Tuesday, May 24, 2011

Industrial Evolution

From Chapter 2 of the Federal Reserve Bank of St. Louis's Annual Report for the Year 2010: evolution of sectoral employment.  This figure displays the change in employment over the last eleven years (click to enlarge).  


  1. There are too many shades of blue on this graph, but I believe education and health is the top line. If so, Becker would love this graph if you sorted it by human capital within the sector and showed the more human capital intensive sectors experience more stable growth than sectors less reliant on human capital.

  2. You are correct in your belief that education and health services are the top line.

    I'm mildly surprised that one would predict human capital sectors to have more stable growth. A priori, I'd expect sectors intensive in human capital to be highly adaptable, quickly adjusting to new technologies and expectations about future technologies.

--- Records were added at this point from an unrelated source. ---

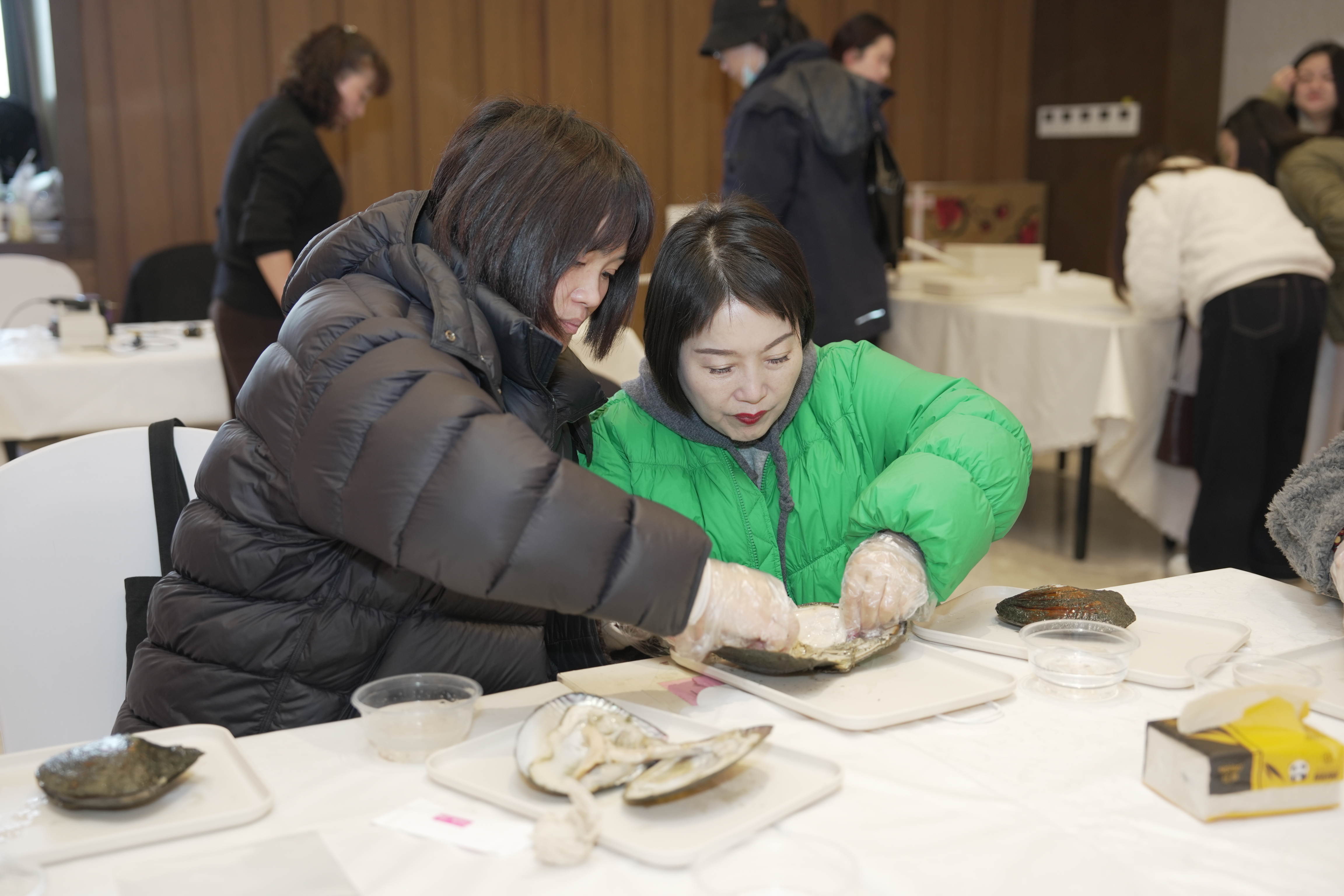 活動開始,老師詳細講解了珍珠的形成原理、種類以及開蚌的技巧和注意事項。開蚌環(huán)節(jié),大家充滿驚喜與期待,戴上手套,拿起工具,探尋珍寶,大家直呼“開盲盒”的感覺真不錯!
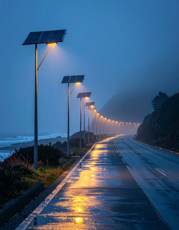 As twilight settles over the misty coastline, a row of solar-powered streetlights casts a warm, golden glow on the wet asphalt.
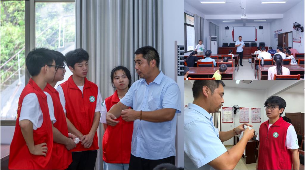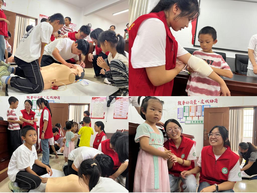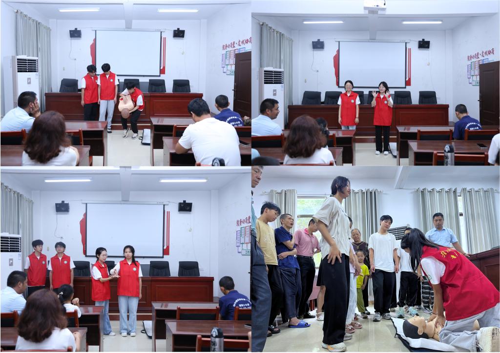 在这个小而温暖的村委会办公室里,12名医学生把专业急救知识送到村民身边。现场,队员们用急救模型精准演示海姆立克急救法“剪刀—石头—布”三步法,带领村民分组练习;通过自编“叫叫压抬”口诀和儿歌,引导大家掌握心肺复苏的标准动作和节奏;还用绘声绘色的讲解和互动,将七步洗手法编成洗手儿歌,带着老人孩子反复练习,帮助村民养成良好卫生习惯。
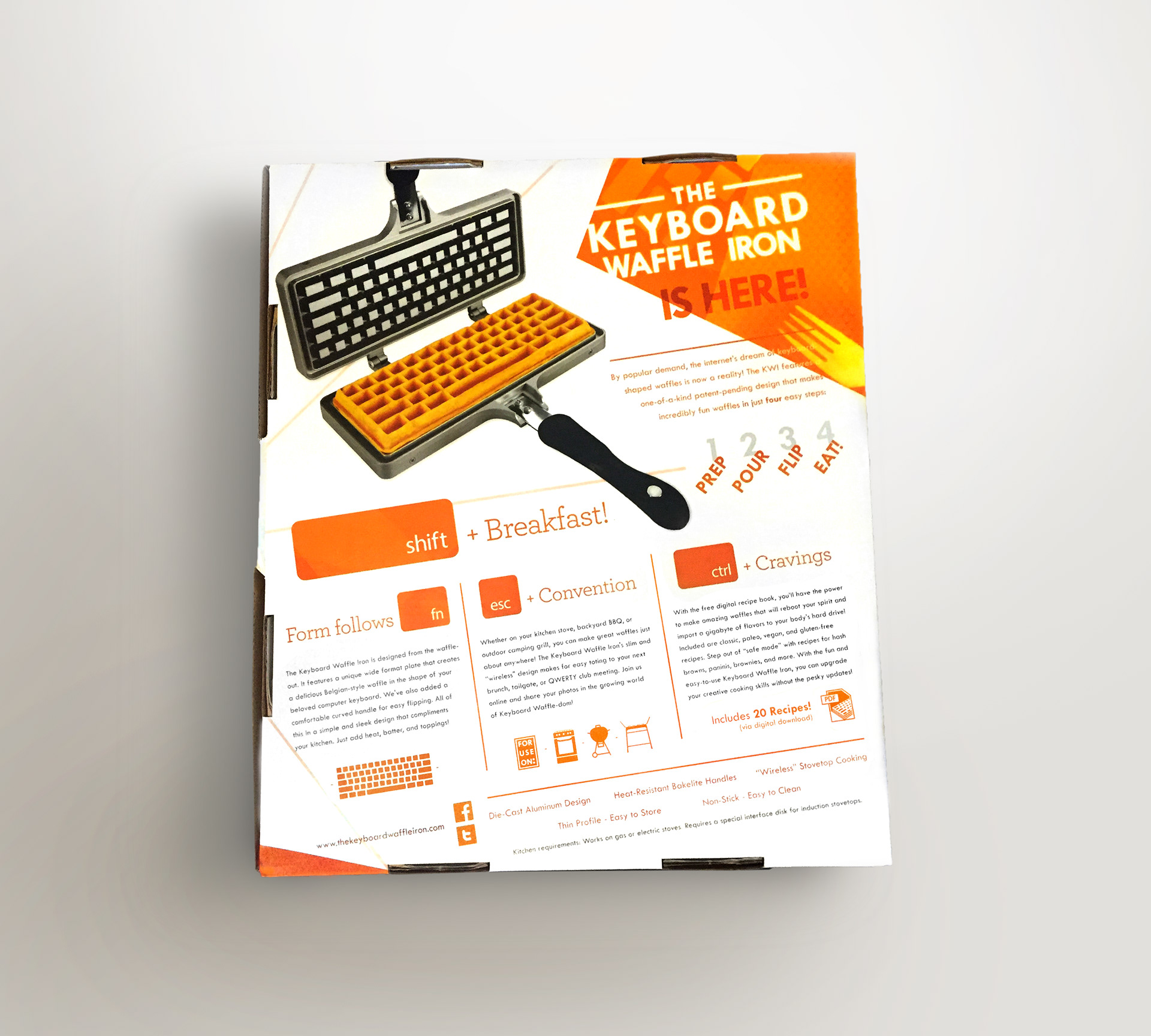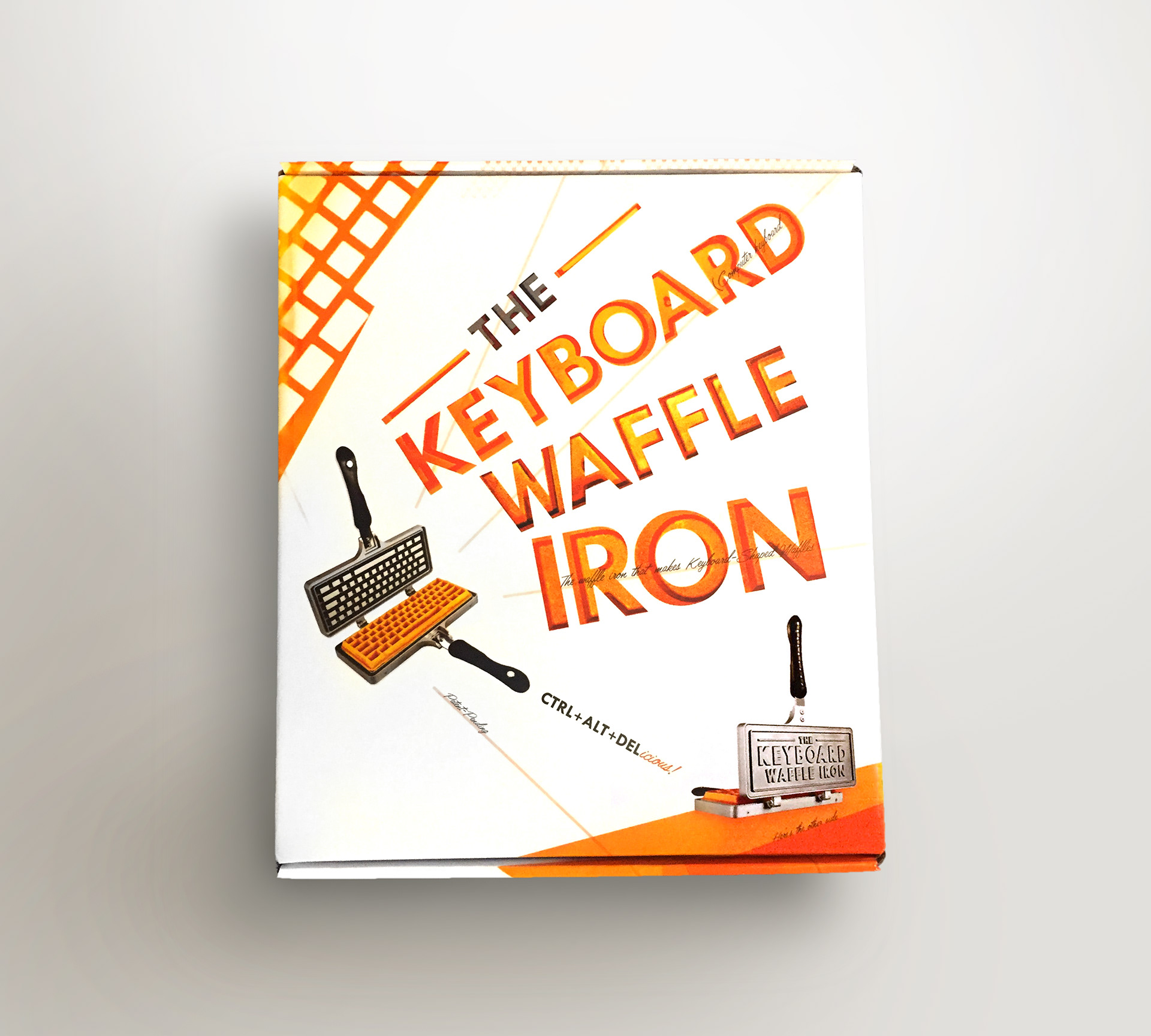 Package Design for The Keyboard Waffle Iron. Box measures: 14.5" x 12.25" x 3"

    My best off-the-cuff guess as to the ordering of human capital (including noncognitive) as a proportion of gross product would be:
    1) Leisure, Hospitality Services
    2) Information, financial, other services
    3) Education, health services
    4) Professional, Business Services
    5) Trade, transportation, utilities
    6) Government
    7) Manufacturing
    8) Construction, mining, logging

    I could be wrong, but I imagine health services are actually rather capital intensive, which is why education and health services are lower than others, which are less real capital intensive.

    How does that ordering stack up with the final 2011 ranking?

    Which is a pretty reasonable "confirmation" of your hypothesis given your prediction and my noisy ranking.